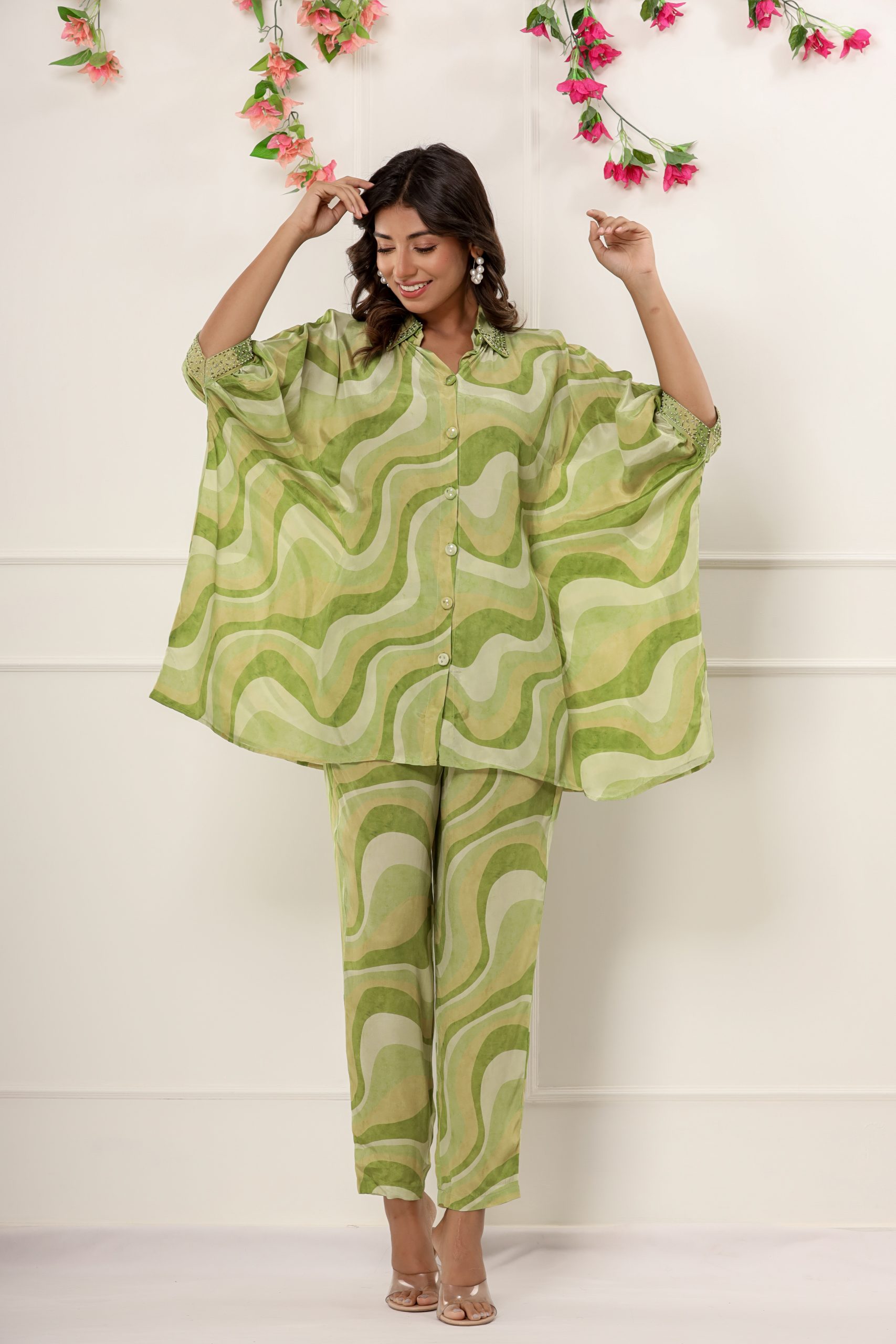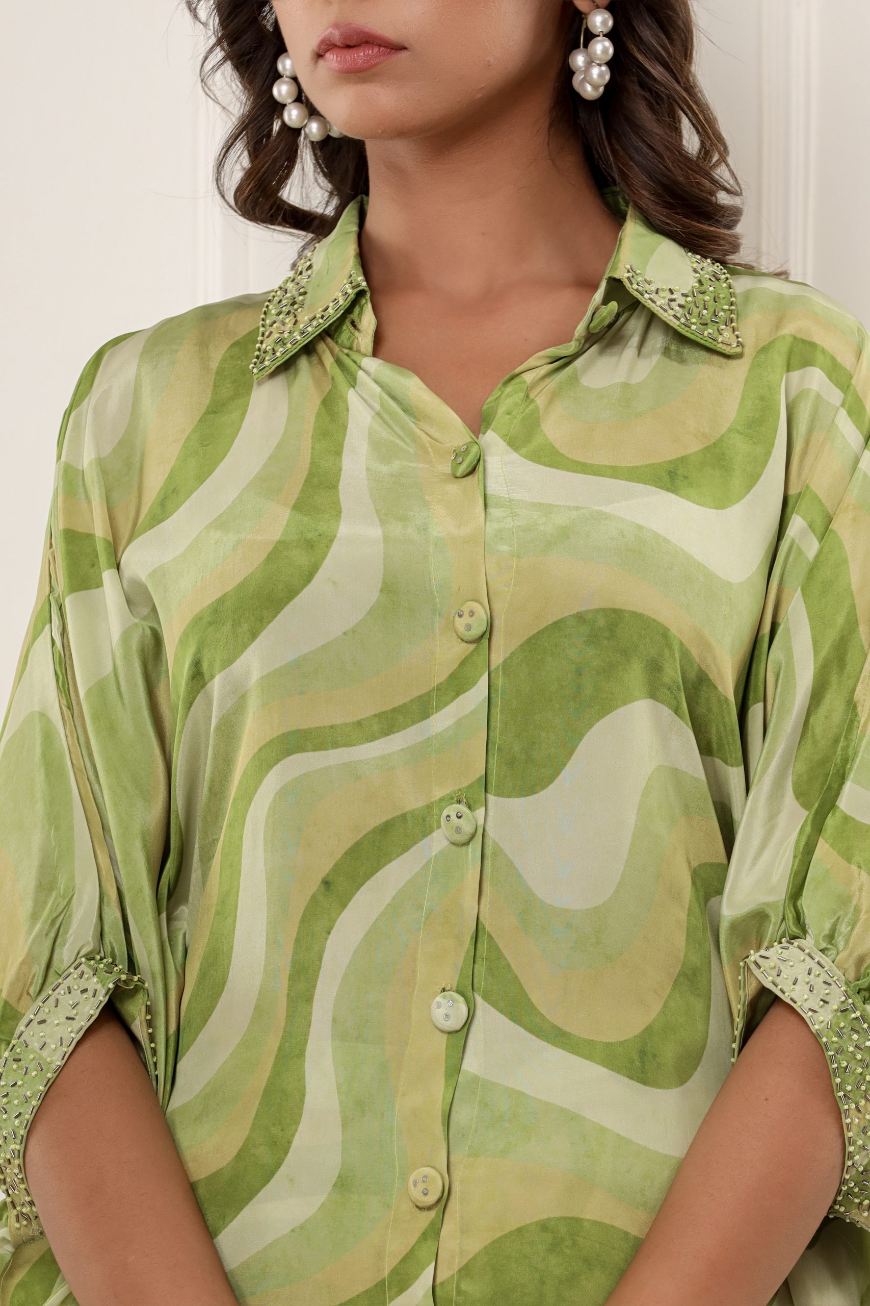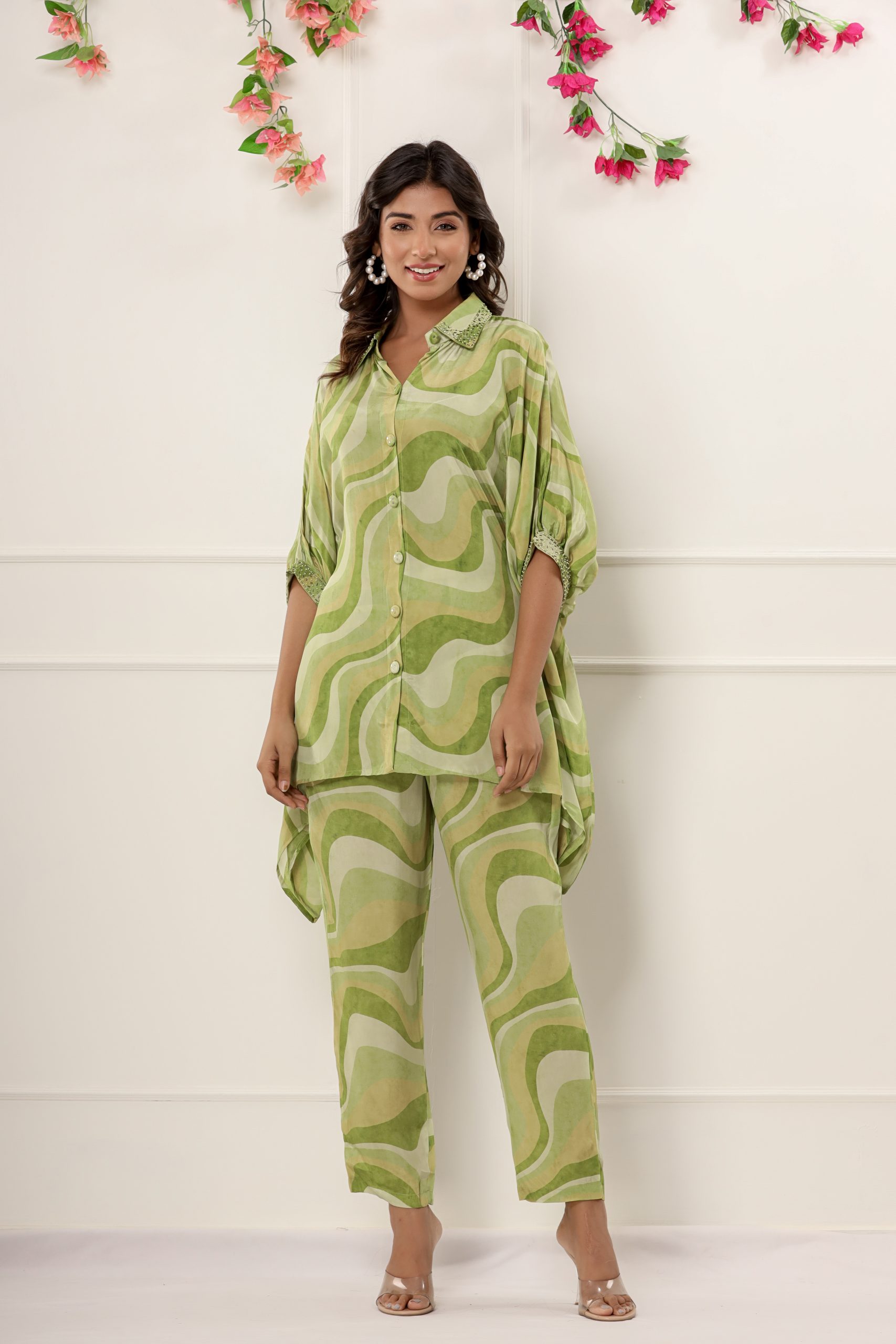 This style is fresh and vibrant. The top has delicate handwork on the collar and the silhouette fits in perfectly to bring out that extra oomph!
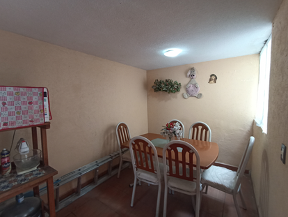 La casa cuenta con sala comedor., cocina integral, área de lavado y patio de servicio, 2 baños completos y 3 recamaras.
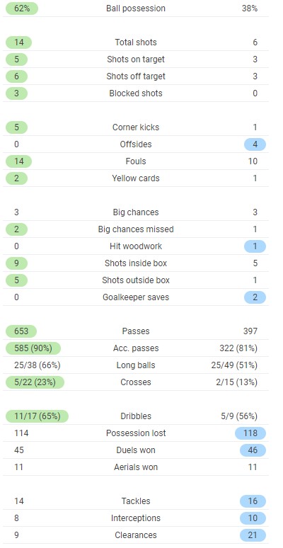 Full time post match stats for comparison (MUFC 3-3 Everton)
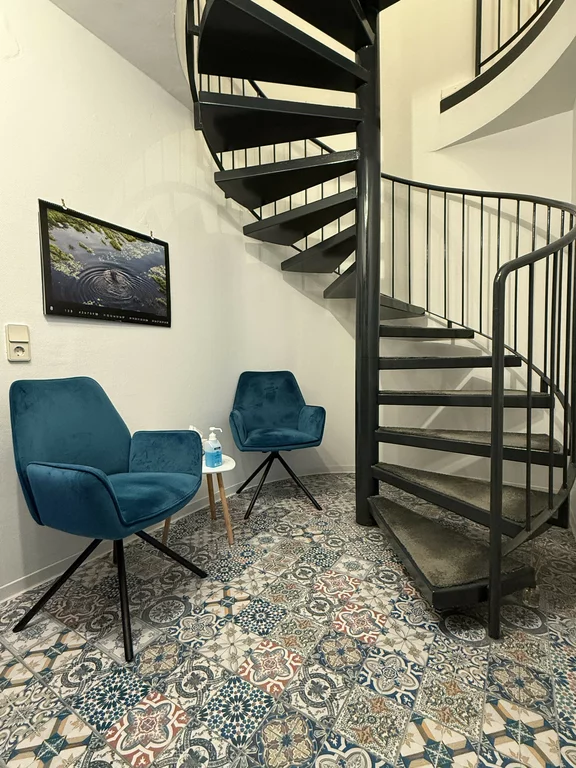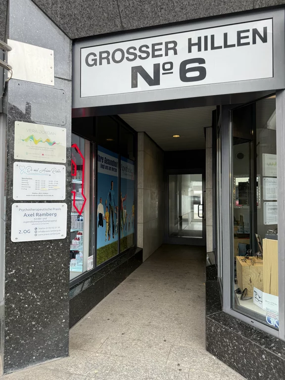 Die Praxisräume am Großen Hillen 6 bieten eine angeneheme Atmosphäre, in der sich Kinder und Jugendliche, aber auch Erwachsene, wohlfühlen können. Der Behandlungsraum befindet sich im zweiten Obergeschoss und bietet neben einer gemütlichen Einrichtung, genügend Platz für Kinder zum Spielen und für Jugendliche und junge Erwachsene eine ruhige Umgebung, um sich im Gespräch zu öffnen. Darüber hinaus ist die Praxis gut erreichbar (Stadtbahn-Linie 5 / Bus-Linien 123, 124, 373, 800 jeweils Haltestelle: Großer Hillen). Für die Anfahrt mit dem Auto besteht i.d.R. die Möglichkeit direkt am Großen Hillen zu parken.
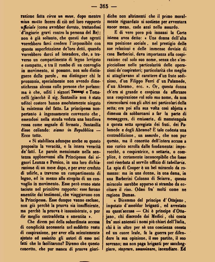 E di vero poco più innanzi la Corte istessa avea detto: « Una donna dell'alta sua posizione sociale, nel prestigio delle sue relazioni e delle immense dovizie di casa Barberiui, dava importanza alla cospirazione col solo suo nome, senza che s'impicciolisse nelle particolarità delle operazioni de'cospiratori; particolarità che meglio si attagliavano al carattere d'un frate sedizioso, d'un Filippo Ferri d' un Palamede, d'un Abramo, ecc. ». Or, questa donna ch'era sì grande e cospicua da afforzare una cospirazione col solo suo nome, da non rimescolarsi con gli altri nei particolari della setta; era poi alla sua volta così abjetta e dimessa da sobbarcarsi a far la parte di messaggera, di emissaria, di manutengola a questa setta spregiata dei frati, dei Palamede e degli Abramo? E tale codesta una contraddizione, un assurdo, che non pur questo, ma il concetto dell'intera accusa a suo carico scrolla dalle fondamenta: imperocché, o cospiratrice, o settaria, o complice, è certamente inconcepibile che fosse così riserbata al servile uffizio di tabellaria. La spia di Cooper è un bel miracolo da romanzo: ma in una donna, in una dama, in una Barberini Colonna di Sciarra, questo miracolo sarebbe apparso sì strambo da eccitare il riso. Odasi fra' molti come ne ragiona Dumas.
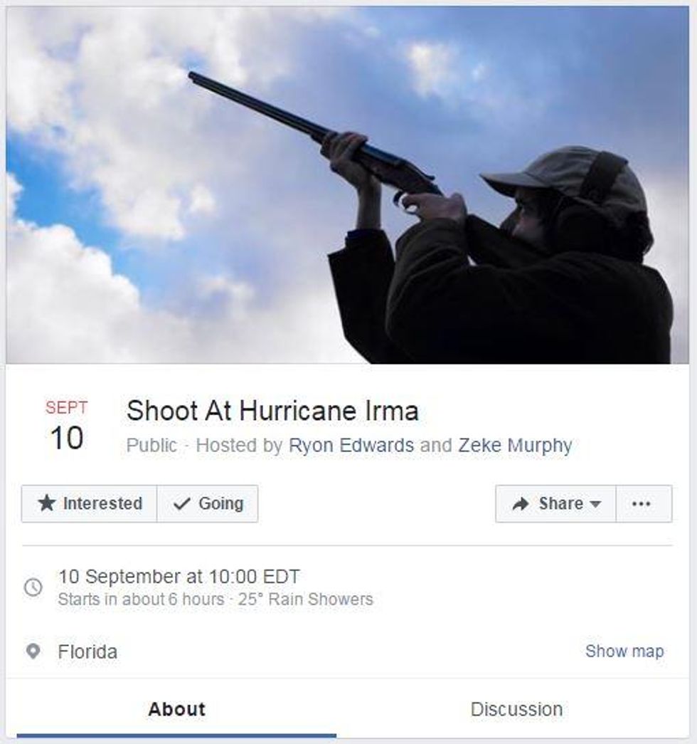 On Saturday, The Independent reported on an event on Facebook 'Shoot at Hurricane Irma'.
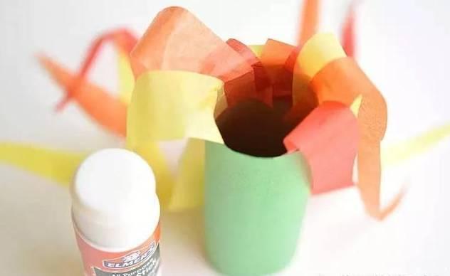 4.然后准备好皱纹纸和固体胶,将皱纹纸剪成长条
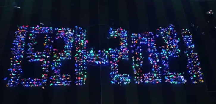 19时40分,千人方阵组合为“1921—2021”的图形,手握荧光棒,共同合唱《没有共产党就没有新中国》,以此来庆祝中国共产党诞辰一百周年。现场热闹非凡,千人齐声高歌,用自己的热情点燃了同学们的激情。
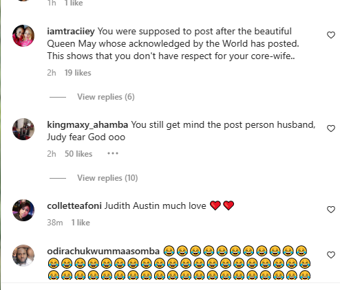 This post from Judy stirred reactions from netizens who were vexed that she was celebrating another woman’s husband when the recognized wife had not made any post to celebrate him and accused her of destroying his home with her lack of respect.
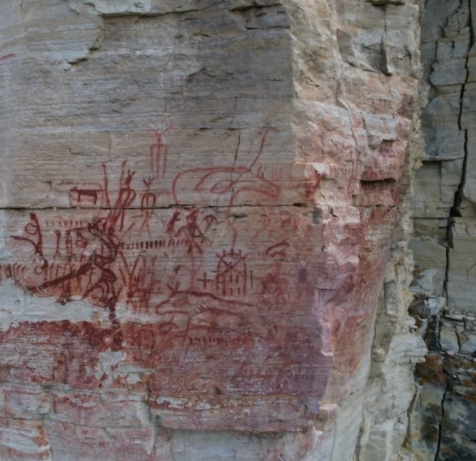 На среднеленских скалах сохранились надписи и рисунки, которые отражают почитание духов земли и охоты. Эти тексты созданы с использованием орхоно-енисейских знаков.
=-=-=
- [DESCRIPTION OF THE TASK]: What you return must match, line for line, the records from the line containing "19时40分,千人方阵组合为" through their end, with both ends included and no pictures.

- [SOLUTION FOR THIS PROBLEM]:
 19时40分,千人方阵组合为“1921—2021”的图形,手握荧光棒,共同合唱《没有共产党就没有新中国》,以此来庆祝中国共产党诞辰一百周年。现场热闹非凡,千人齐声高歌,用自己的热情点燃了同学们的激情。
 This post from Judy stirred reactions from netizens who were vexed that she was celebrating another woman’s husband when the recognized wife had not made any post to celebrate him and accused her of destroying his home with her lack of respect.
 На среднеленских скалах сохранились надписи и рисунки, которые отражают почитание духов земли и охоты. Эти тексты созданы с использованием орхоно-енисейских знаков.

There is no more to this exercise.